Time for a Broader View of Leadership?

Time for a Broader View of Leadership?

20 Oct 17 3mins Jon Midmer


Are you an extrovert, introvert or somewhere in between? And how does your extroversion or introversion influence how you lead, like to be led and what you look for in your team? Over the past month, both when taking C-level briefs and receiving feedback on candidates, I have been struck by a marked preference for extroverts. However, as a chatty introvert myself, I wonder whether we shouldn’t be more open to a range of styles, and accept that introverts can lead as effectively, just differently?

In Defence of the Introvert

I realise the definition of extroversion and introversion are up for debate. I view the concepts in two ways: 1) where people get their energy from (extroverts externally, introverts internally); and 2) people’s differing styles of social interaction (extroverts being more gregarious, introverts more reserved). And there can be different combinations of the two, so someone can be extroverted in their thinking and problem-solving style, but more introverted socially, and vice versa.

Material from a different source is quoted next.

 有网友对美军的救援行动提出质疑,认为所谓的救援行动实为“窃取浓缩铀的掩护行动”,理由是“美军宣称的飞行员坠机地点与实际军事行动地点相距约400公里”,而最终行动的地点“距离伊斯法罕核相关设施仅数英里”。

If many successful leaders are introverts, why is there a preference for extroverts and/or a prejudice against introverts? Maybe it’s because Western societies have traditionally favoured magnetism and action over contemplation and thought?

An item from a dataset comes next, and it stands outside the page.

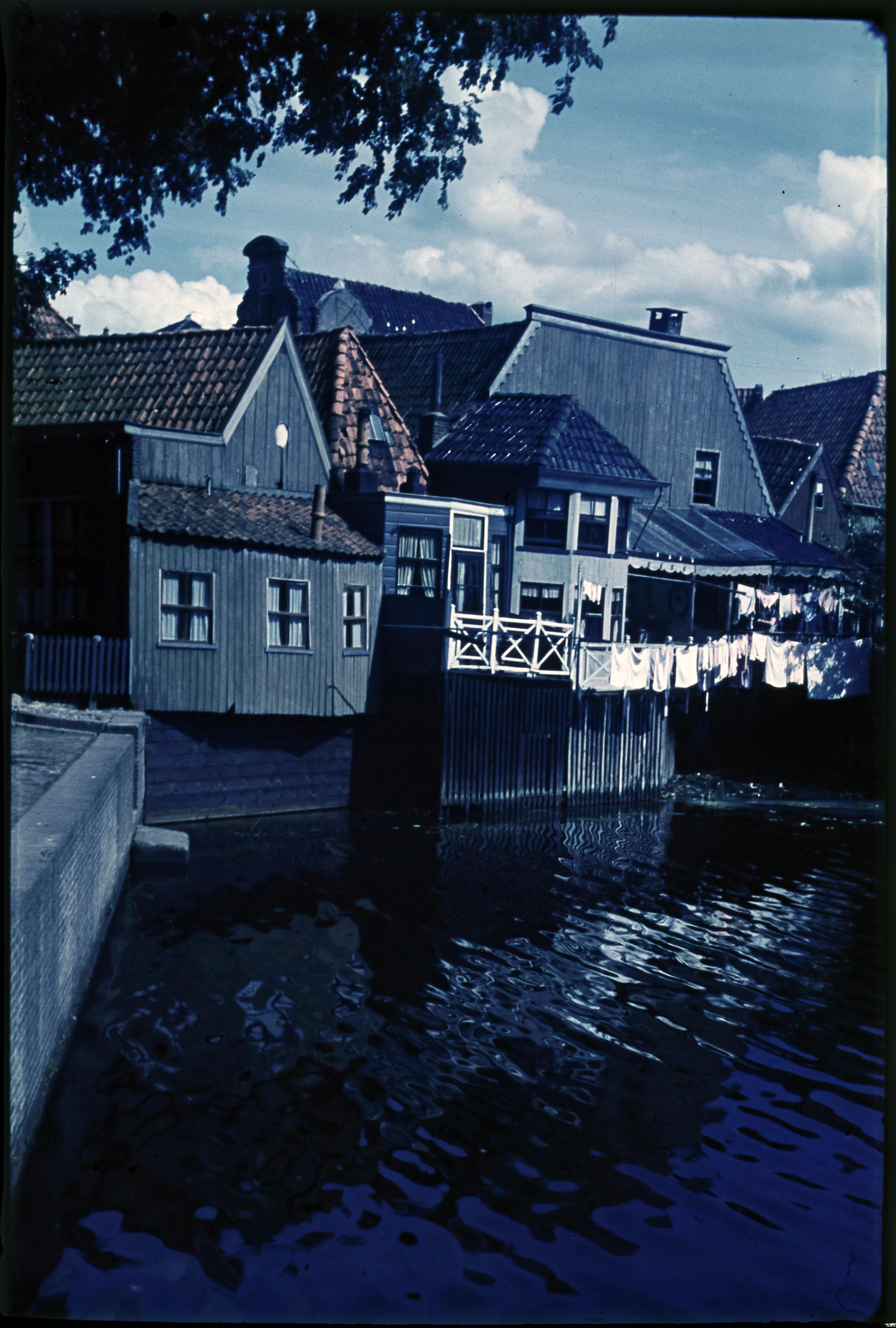 Huizen met een houten uitbouw boven het water in Blo...

Introverts have (unfairly, in my view) often been considered too quiet, unassertive and incapable of inspiring “followership” or handling the challenges of the most demanding leadership roles.

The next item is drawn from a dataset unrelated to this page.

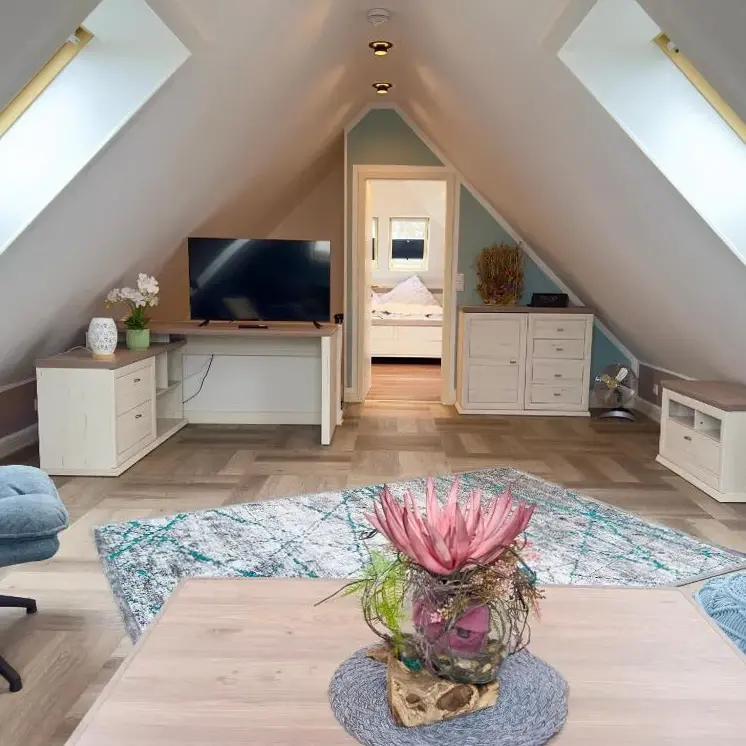 Weitere Informationen zu Hoern 2Glücksferien- Löwenzahn in Glücksburg bietet eine komfortable Ferienwohnung mit einem Schlafzimmer und Wohnzimmer. Die Wohnung verfügt über eine vollständig ausgestattete Küche mit Essbereich sowie ein Sofa-Bett. Im Badezimmer steht eine begehbare Dusche zur Verfügung, ergänzt durch Parkettböden.

However, in business, as in life, it’s easy to mistake confidence for competence, and I doubt many would accuse introverted leaders such as Mohatma Ghandi or Barack Obama of being passive or uninspirational!

New Business Challenges

Until the technological revolution, CEOs had a similar role to that of military generals, rallying troops and giving orders. The company target having been determined and the enemy pinpointed, speeches were delivered to inspire field-based legions to execute.

But in today’s global, more complex, technology-led world, many of the challenges facing organisations today are less like trench warfare and more like keyhole surgery. And whereas sizeable cohorts of engineers and data scientists – typically introverted – could only be found in companies that were in “heavy-duty tech”, now they are just as likely to be found in retailers, hospitality players and leisure businesses.

I believe that leadership is as much about helping one’s organisation figure out complex problems as about rallying the troops – although they are clearly not mutually exclusive. And the more intractable the problems, the more persistent the thought that needs to go into them.

As Albert Einstein, another renowned introvert, said: “It’s not that I am so smart, it’s that I stay with problems longer.” With increasingly complex challenges, should we not embrace contemplation and listening, rather than shun it? Perhaps, for this reason, at the beginning of meetings at Amazon, employees are required to read – in silence.

Reframing Leadership Expectations

In my view, the role of today’s leader is to empower, not to dominate. Nelson Mandela famously said: “Lead from the back, so others believe they’re in front”, which ties in nicely with Leandro Herrero’s concept of distributed leadership.

This way of thinking encourages leaders to give the stage to workers at lower organisational levels, rather than steal the limelight themselves. Feeling collectively empowered to change a company is certainly far more exciting than being told to deliver change others have come up with.

The way organisations are communicating is also shifting, from top-down to peer-to-peer. Town halls are out, social media is in. Against this backdrop, who’s to say whether an extrovert or an introvert will be the more effective leader?

Could it be that what people today are looking for in a leader is also changing? Many of the most highly respected and successful business leaders I know, be they extroverted or introverted, think deeply, act intelligently and encourage others to do the same.

Could empathy and the ability to listen be as important as charisma and the ability to talk? Neither introverts nor extroverts have a monopoly on any of these gifts.

At the end of the day, isn’t it a question of leaders of all persuasions finding coping mechanisms to adapt their style to get the best out of their teams, which are themselves composed of people of varying personality types?

Is it perhaps time, therefore, that we develop a broader and more nuanced view of leadership? Could we be a little more open to leaders of all personality types, as long as they display intellect and authenticity, empathy and courage?